During a keynote address to the SUERF and BAFFI CAREFIN Centre Conference held at Bocconi University, he focussed his attention on the volatility of cryptocurrency, rather than its advantages, although he did make some positive reference to CBDCs low costs when he suggested amusingly:
“Since it would be completely dematerialized, a CBDC would have very few or no storage costs and would be a convenient way for households and firms to keep liquid wealth. Mattresses could be freed from their role of vaults!”
His main concerns were similar to many other central banks globally who are going through the same process of investigating the principal of a CBDC versus crypto assets.

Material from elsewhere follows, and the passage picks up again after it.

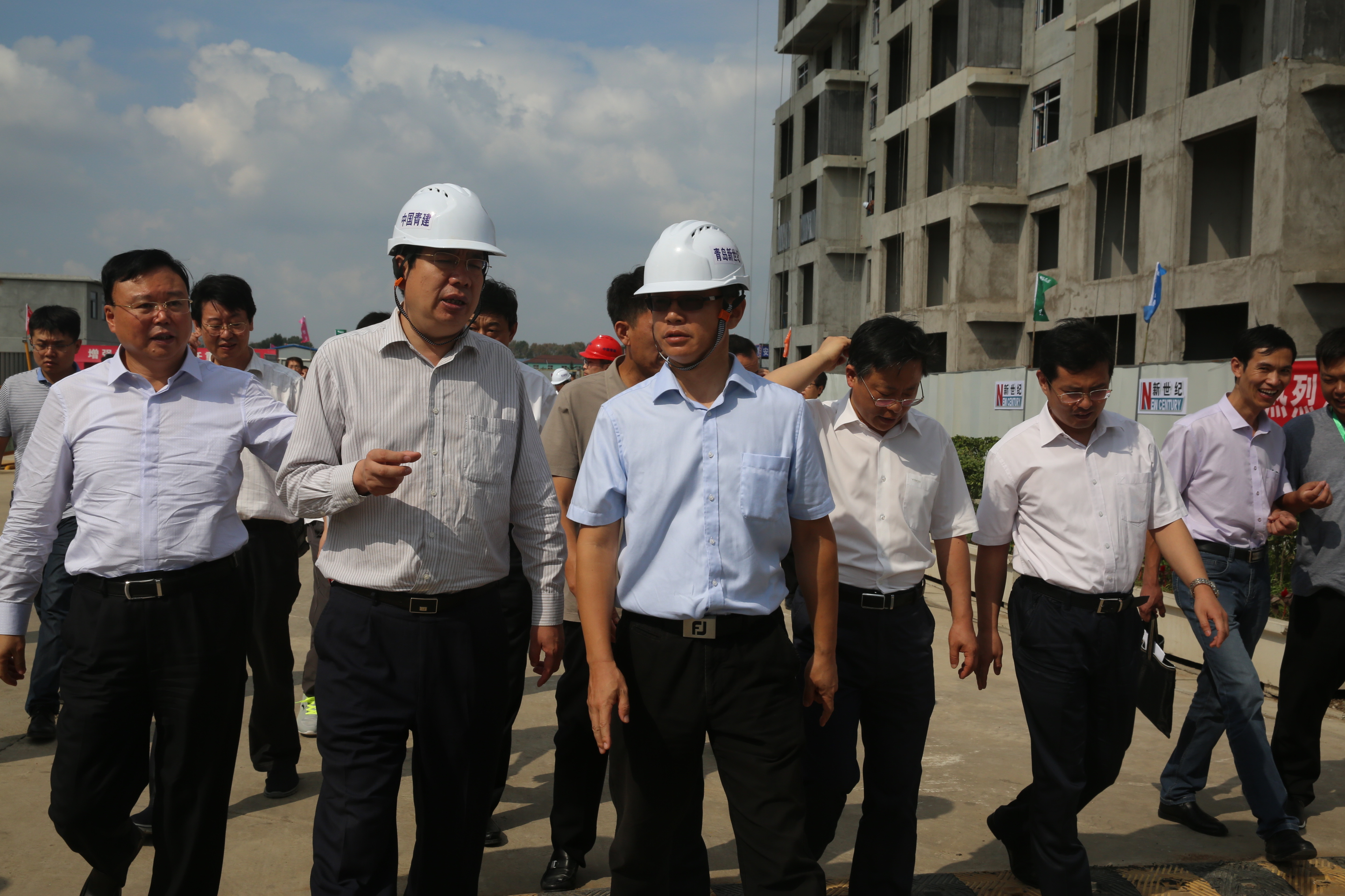 9月26日上午,山东省住房和城乡建设厅厅长王玉志,副厅长李兴军,各市住房城乡建设部门、绿色生态示范城区及相关企业代表一行260余人来到青建集团承建的韩洼社区农民经济适用房项目考察观摩。青岛市城乡建设委主任陈勇,城阳区委副书记、代区长李红兵,青建集团董事长丁洪斌等陪同考察。

“In fact – just like banknotes – a [central bank digital currency (CBDC)] would be a liability of the central bank and would be backed by its assets. It would be supported by the credibility of the central bank and ultimately, by the rule of law. Crypto-assets, on the other hand, are a liability belonging to nobody: there is no asset that backs them up and no clear governance structure that can guarantee trust… the value of a CBDC would not suffer from the excessive volatility that affects crypto-assets.”
He also focussed on an ethical issue that could arrive from bank’s intervention in regard to the traceability and anonymity of consumer transactions, suggesting banks might be able to trace all consumer transactions and make decisions on an individual’s creditworthiness based on such information.
He spoke of other complexities which might arrive from offering a CBDC which the bank may not be prepared for at this time, although he did hint that “a world with digital cash” was worthy of its current research, but the time for action hadn’t arrived yet.
“If central banks decided to make an asset – the CBDC – free of credit and liquidity risk, possibly remunerated, and available to anybody at no cost, their role in the economy would fundamentally change… Are central banks ready to play this new role and to deal with the attendant complexities? In the short term, my answer is no.”